My goal in this dev log was to make the simplest possible first custom environment and take the first baby step towards auto-curriculum generation.
My goals long term are to show how we can frame the problem such that feedback signal and speed are maximized and thus, by extension, sample efficiency so that we can train smart systems for 100-1000x the cost in both compute and time.
This will lead to exponential growth that will appear to be nothing but I believe will rapidly overtake companies that are spending O(100 m) on brute force training today.
Demo
Federated learning:
Curriculum generation in the barest form of the word. We generate the simplest possible synthetic scenarios (moving the block around randomly). To be a true curriculum we need a higher level skill made from a Russian doll of behaviors. The basic mod to this that makes it a “curriculum” is starting the block on top of the agent and on each intersect moving the block a bit farther away.
Discussion
It is central to my thesis that we are able to project goals onto the environment and use those projections to provide unambiguous geometric feedback in real time creating the tightest possible feedback loop with the highest possible signal.

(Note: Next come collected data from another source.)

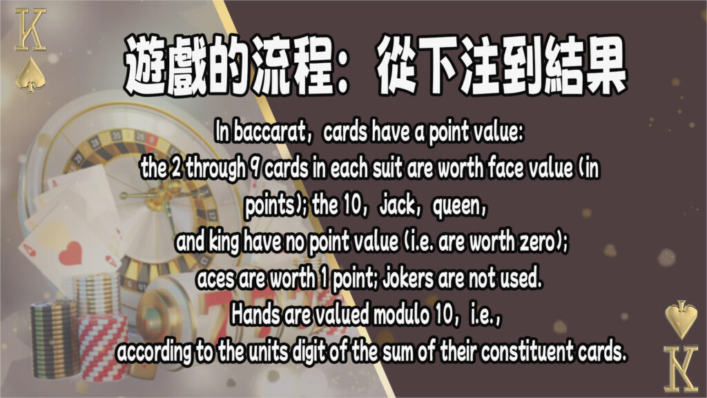 在百家樂中,牌的點數是非常重要的。每張撲克牌都有它自己的點數,比如數字牌(2 到 9)都保持其面值,A牌值1點,而10、J、Q、K的牌值為0點。
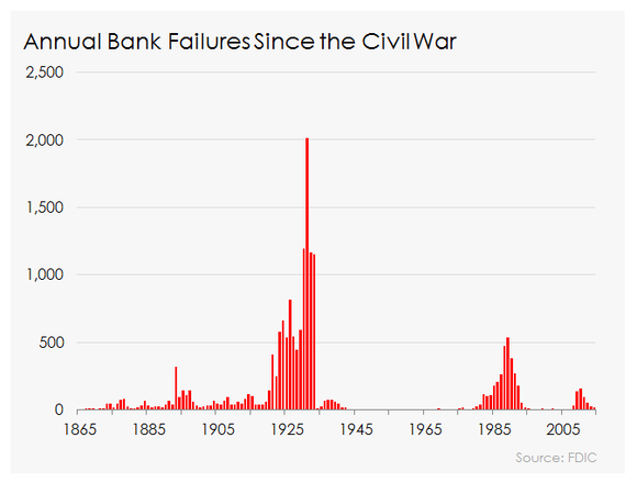 Chart 4: Asymmetric Distribution of Bank Failures Is Unrelated to Crisis Severity Since 1965
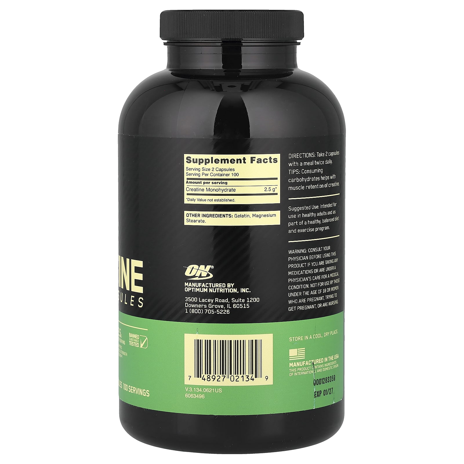 Optimum Nutrition Cápsulas de Creatina Micronizada 200 Cápsulas (125 g por Cápsula) – Optimum Nutrition Nutrição Esportiva Creatina Creatina Micronizada.
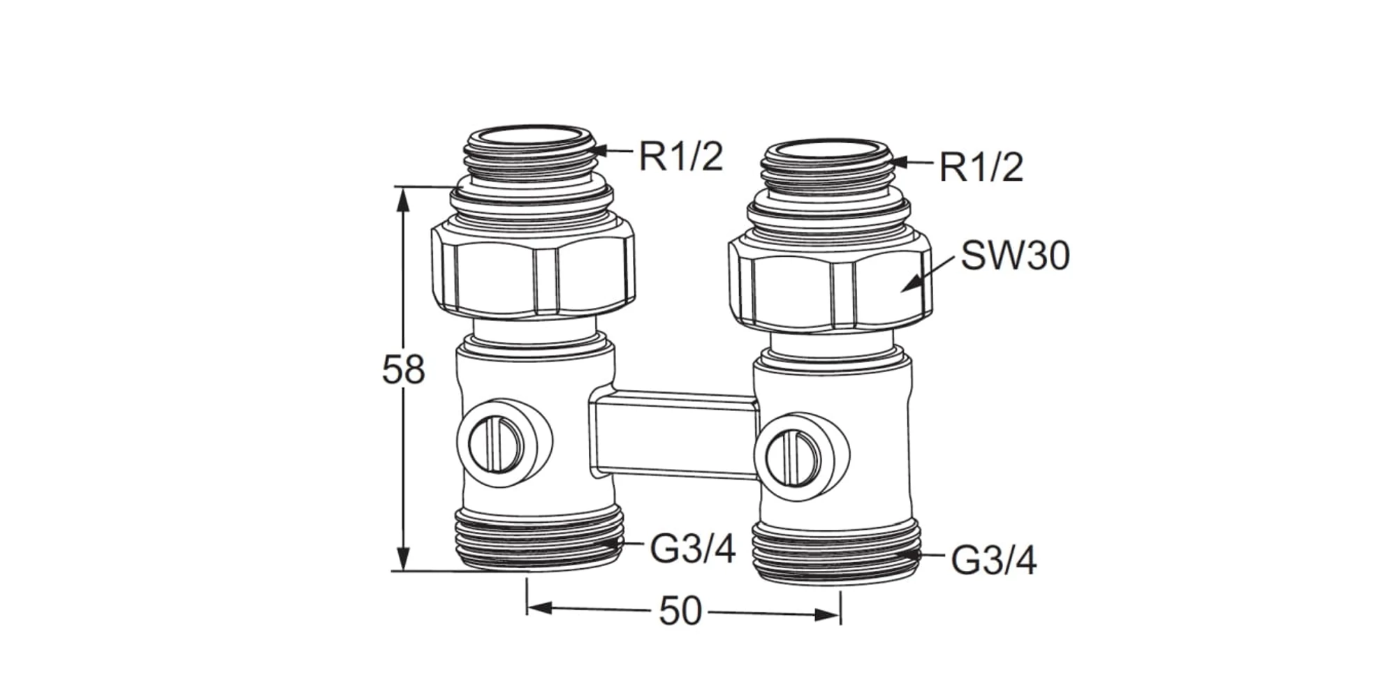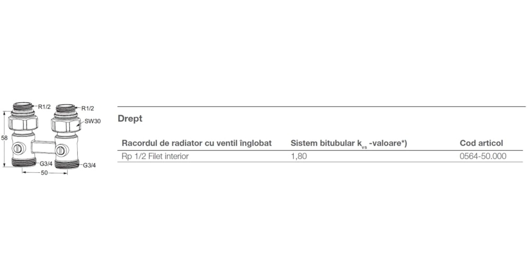 - Proiectat pentru sisteme bitubulare, cu racorduri de R1/2 şi G3/4 în conformitate cu EN 16313 (Eurocone). Toleranța de ±1.0 mm se obține cu sistemul cu piuliță olandeză și garnitură plană flexibilă, sistem care detensionează racordul de legătură.
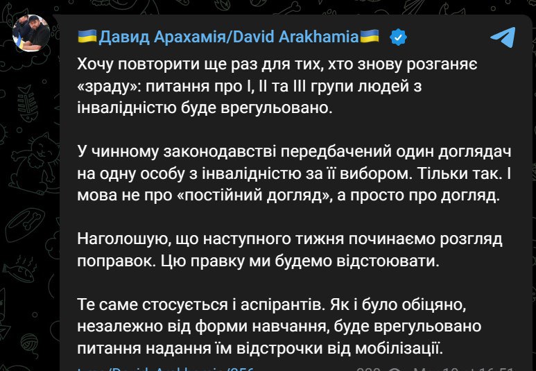 "Видимо, идет речь об отсрочке от мобилизации для лиц, которые ухаживают за инвалидами. В новом законопроекте планировалось ужесточить определение статуса такого лица. Но судя по словам Арахамии, своего попечителя сможет определять сам инвалид", - пишет телеграм-канал.
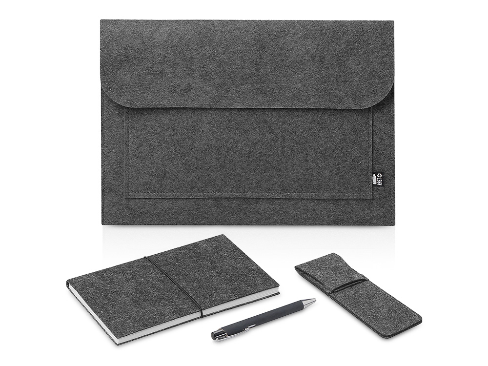 • Вместительный чехол для ноутбуков/планшетов до 14" из переработанного фетра, который служит упаковкой набора.
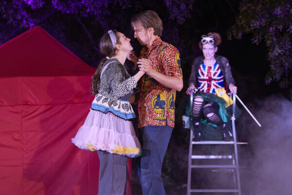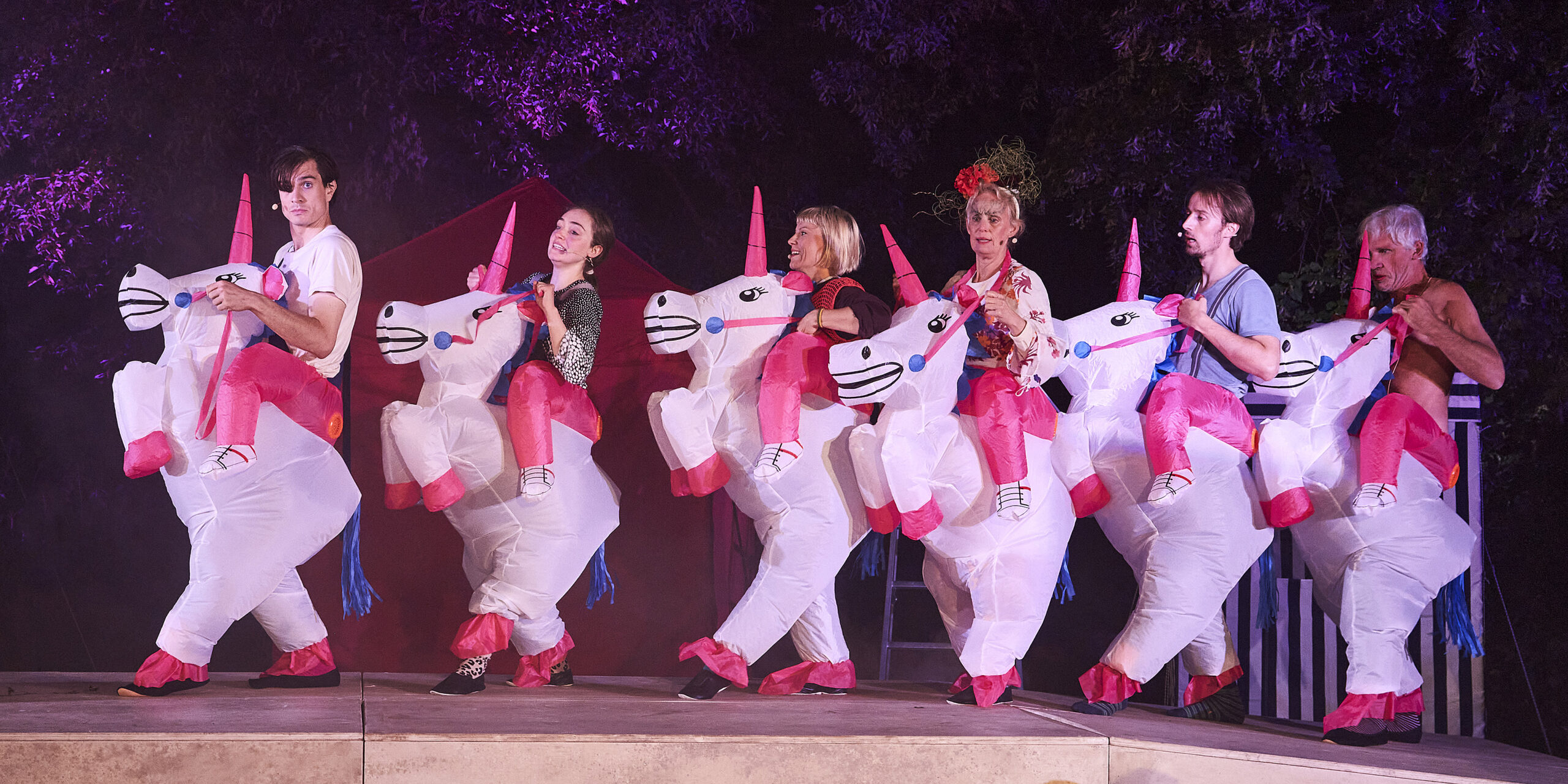 Waldherrscher Oberon ist wegen fortdauernder Streitigkeiten mit seiner Elfenkönigin Titania verreist und so wird sein Narr Puck zum Strippenzieher des Spiels. Er macht sich einen Riesenspaß daraus, mit dem Saft der Zauberblume zwischen den Liebenden Hermia, Lysander, Helena und Demetrius ein einzigartiges Verwirrspiel anzustiften. Aber nicht nur mit ihnen treibt er seinen Schabernack, sondern auch mit einer Handwerkertruppe, die im Auftrag des Herzogs ein Schauspiel auf die Bühne bringen soll – für die Gruppe eine schier unlösbare Aufgabe, die gewitzte Lösungen braucht. Nicht einmal vor der Elfenkönigin Titania macht Puck halt. Auch ihr träufelt er den Trank ins Auge, der sie dazu bringt, dem nächstbesten Wesen in Liebe sich hinzugeben. Es ist der Handwerker Zettel, der gerade noch großes im Schauspiel vorhatte, aber ebenfalls von Puck verwandelt nun Titania verfällt. Und so verstricken sich die Ebenen des Spiels und entspinnt sich eine Achterbahnfahrt der Gefühle. Welch eine Nacht!

I’m not there yet, simply learning to use the tools available to me.
In this case the agent doesn’t get any aid on how to move to the target. But you can see that it quickly generalizes once it figures out how to achieve a reward. In less than a few minutes a “mini-brain” is trained from scratch that can see and navigate towards targets.
That’s amazing. I haven’t had this much fun since my first program.
Decision
What matters most is proving out the core concepts of auto-didactic learning.
- generate their own curriculum (theorize and imagine)
- self-interrupt (like a pseudo conciousness)
- generate regressively easier curricula
- request help for training
- decide to test in the “real”
- interleave with samples from the “real” world (experiment)
The next step will be to aid non-ambiguous overlays for path traveling. They can be overlaid algorithmically and randomly with drop out. This will be one form of a “tutor” under 2b.